The emergence of high temporal resolution satellite data such as MODIS enables timely monitoring of locust outbreaks from space. This monitoring is hampered by the effect of random atmospheric variations on satellite imagery, which may be suppressed through temporal filtering. This paper aims to evaluate the utility of temporally filtering successive MODIS data in monitoring an outbreak in East China. Of the eight vegetation indices examined, the commonly used NDVI was the most indicative of varying vegetation conditions caused by locust infestation inside the study area. The averaging of three successive days of satellite data improves the R~2 value of NDVI regression models by 0.227 over single-day data. It also outperforms the data averaged from two successive days (a broader window size was not attempted due to the short span of the study period). Temporally, NDVI changed at varying rates daily during the outbreak. Early in the outbreak it increased at a reduced pace until 7.5 days. Afterwards it started to decrease at an accelerated rate. If temporally filtered with a proper window size, successive MODIS data allow the outbreak to be monitored accurately (R~2=0.696).

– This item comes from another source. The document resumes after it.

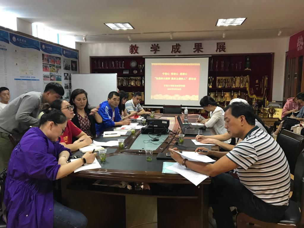 为了深入学习贯彻党中央在全党开展“不忘初心、牢记使命”主题教育的要求,扎实推进公司“不忘初心、牢记使命”主题教育深入开展,英国威廉集团官网于9月30日上午在院二楼荣展室召开了“守初心、悟初心、践初心,弘扬吉大精神,秉承立德树人”党委中心组(扩大)集中学习研讨会,公司党委委员、宣传部长王艳老师,教育指导督察组彭业锦老师,学院特邀党建组织员彭水英老师莅临现场指导,英国威廉集团官网书记肖松,副书记吴湘军、教师党员代表、员工党员代表参会,会议由肖松书记主持。

机译:诸如MODIS之类的高分辨率卫星数据的出现使人们能够及时监测太空蝗的爆发。这种监视受到卫星图像随机大气变化的影响,该变化可以通过时间滤波来抑制。本文旨在评估时间过滤连续MODIS数据在监测华东地区暴发中的实用性。在检查的八种植被指数中,常用的NDVI最能表明研究区域内蝗虫侵扰引起的植被状况变化。连续三天卫星数据的平均值比单日数据将NDVI回归模型的R〜2值提高了0.227。它也胜过连续两天的平均数据(由于研究期较短,因此未尝试使用更大的窗口大小)。临时,爆发期间NDVI每天变化的速率不同。爆发初期,病情以缓慢的速度增长,直至7.5天。之后,它开始以加速的速度下降。如果使用适当的窗口大小在时间上进行过滤,则连续的MODIS数据可以准确监控疫情(R〜2 = 0.696)。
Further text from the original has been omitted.